Sunday, June 27, 2010

You think you know, but you have NO idea.

I've been thinking a lot about poverty and standard of living questions since my arrival. This city sometimes seems to be wrapped in gold- as I cross the river every day, I see many churches with golden domes glinting in the sunlight. But then I see some very real evidence that the church is perhaps the one of the very few things touched by gold here. This is especially the case since the cop I met last night (the Ukrainian cousin of an American who was in Kiev to visit family) tells me that my neighborhood- one of the poorest in Kiev, is also the most crime-ridden. Great.

One thing that was particularly striking to me was the woman selling cherries outside my apartment building. There was one basket of cherries that were yellow and red streaked on sale for 24 grivnas. The middle basket had solid red, but light colored cherries for 26 grivnas. The most expensive were a vivid shade of red: the type I'd expect to see in an American grocery store. Those were 28 grivnas.
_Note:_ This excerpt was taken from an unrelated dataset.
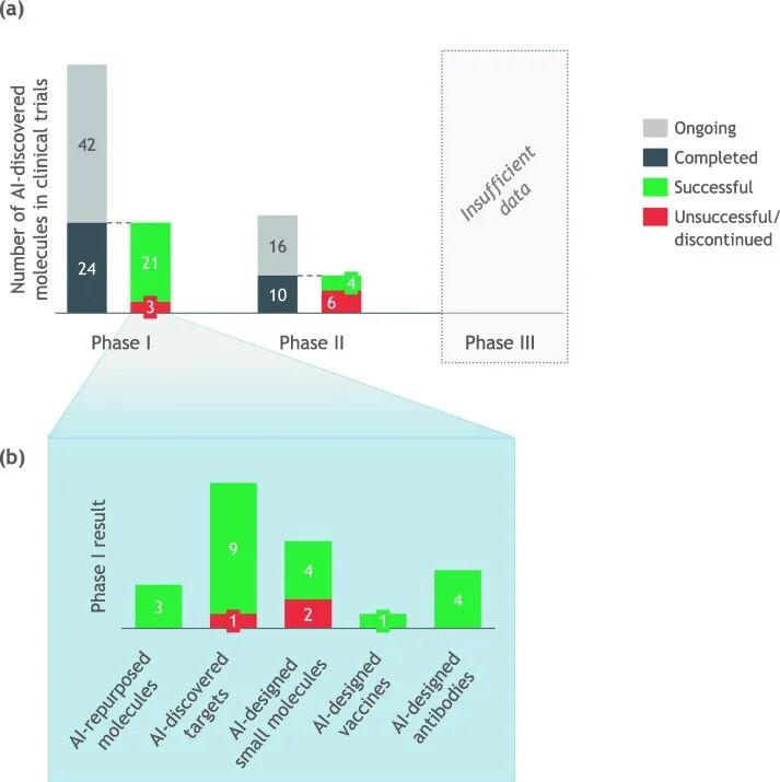 作者认为,高I期成功率可以通过AI算法在成熟分子系列的数据上进行训练来解释,这些算法可以非常有效地微调和优化。由于II期通常涉及生物或机械概念的证明,这表明AI算法虽然可以识别与疾病相关的靶点和途径,但仍有改进的余地。

How sad, I thought. I can't imagine the sort of poverty where you would buy unripe produce to save 4 grivnas (about 50 cents.) That image really stuck with me.

Fast forward a couple days. My host family had left to spend the day in the "dacha," which is like a little village retreat for urban-dwellers. They come back, and my host sister brings me a huge bowl of cherries- one vivid red, and one yellow with some pale red streaks. Pointing to the red ones, then the yellow ones, she explains "These are normal cherries, and these are sweet cherries. You have sweet cherries in the US?"

Oh.

I'm not a huge cherry fan, generally. I think they can be too sour, and this is one of the few flavors where I much prefer the artificial version to the natural one. The sweet cherries, however, were delicious and I promptly ate every one.

Which other assumptions, I wonder, do I need to start rethinking? I can think all I want, develop these plausible hypotheses, and they can be ENTIRELY wrong. Until I've walked a mile in their shoes (or several miles on cobblestone roads in high heels, as the locals tend to do), almost anything I "know" is questionable. Sooo... I have about two months left, and I'm going to be doing a TON of walking. :)

1 comment:

  1. wow, I feel like I'm learning so much vicariously from your blog!